Memory is a skill that is fundamental at any stage of a student’s education, which is why memory tools -also called mnemonics– are often taught from a very early age. Although these methods have been the same for a long time, technology can still improve upon them.
Learning poems by heart, visualizing information by associating words or concepts with images, as well as creating acronyms and acrostics to remember sentences are all well known mnemonics that are taught to small children. These tools can be used to remember all sorts of information, from historical facts to musical lines and even mathematical rules.
Unfortunately, while mnemonics can be applied to any class and any grade, they are mostly used in Special Education classes, especially as students get older.
Mnemonics work and, as students progress in their education, they might actually need to use them even more. Memorization-heavy classes are present throughout high school and university, especially in STEM fields, and students who might benefit from these tools are not always integrating them in their study habits.

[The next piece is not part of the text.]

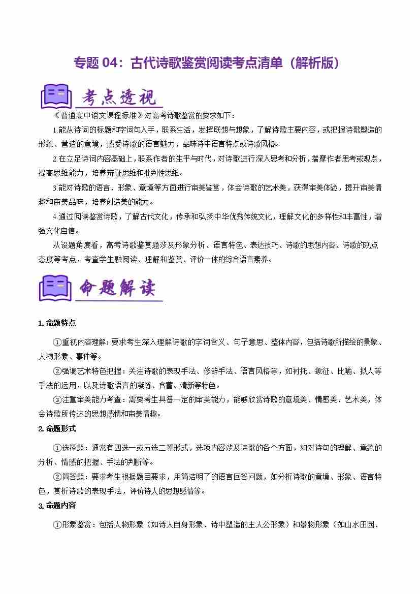 专题04:诗歌鉴赏阅读(考点清单)(学生版)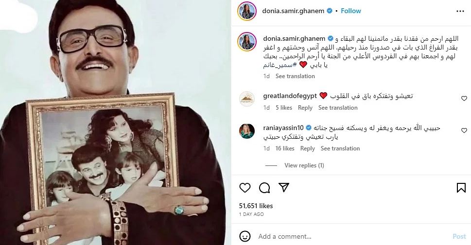 إنستغرام"، صورة لوالدها ظهر فيها وهو يحتضن "إطارا" توجد فيه صورته رفقة زوجته الفنانة الراحلة دلال عبدالعزيز وابنتيه، وارفقت دنيا الصورة بالتعليق التالي: "اللهم ارحم من فقدنا بقدر ما تمنينا لهم البقاء وبقدر الفراغ الذي بات في صدورنا منذ رحيلهم".

Mnemonics are tool for remembering information, not for understanding it. As students get older it is important for them to make a distinction between the information they are supposed to memorize and the information they are expected to understand and assimilate. In this sense, relying too much on mnemonics could become a problem and possibly a disservice in high school and college.
Memory is important, but it should not replace reading-comprehension skills. It is also less useful when applied to the study of the humanities. Mnemonic systems that rely on images are also not as common among older students, as it has been proven that children have an easier time associating information to images.

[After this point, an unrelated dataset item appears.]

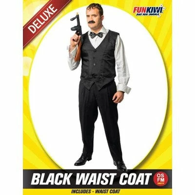 Our multi purpose men’s black Waist Coat will transform you into the popular 1920’s Gangster, Waiter to a British Toff. This waist coat is a costume starter and you can vary your costume by changing the accessories. Check out our range of hats, ties and toy guns.
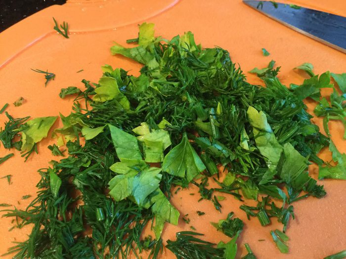 Нарежьте мелко зелень...

Another huge limitation of mnemonics is time, sometimes the time a students takes to learn the mnemonic system will not be worth spending on the information they are trying to learn.
Just like technology can help students become more engaged in what they study, it can also improve their memory. Mnemonics can easily be applied to E-learning and M-learning, starting with visual mnemonics. Visualizing information becomes much easier with a computer screen. Even being able to record a teacher and re-listening their class instead of reading notes can help students memorize information through repetition.
Beyond mnemonics, which are used to remember specific information, the recent success of “brain fitness” technology has the potential to improve our overall memory over time. Apps and videogames designed to exercise our brain and even help with diseases like Alzheimer’s are gaining popularity among people of all ages.
While some studies raise concerns on whether information technologies may be deteriorating our memory by making information available without us needing to remember it, the correct use of these tools can in fact be beneficial to our brain health.
It is important for teachers to be aware of the potential as well as the limitations of these tools before integrating them into their classroom.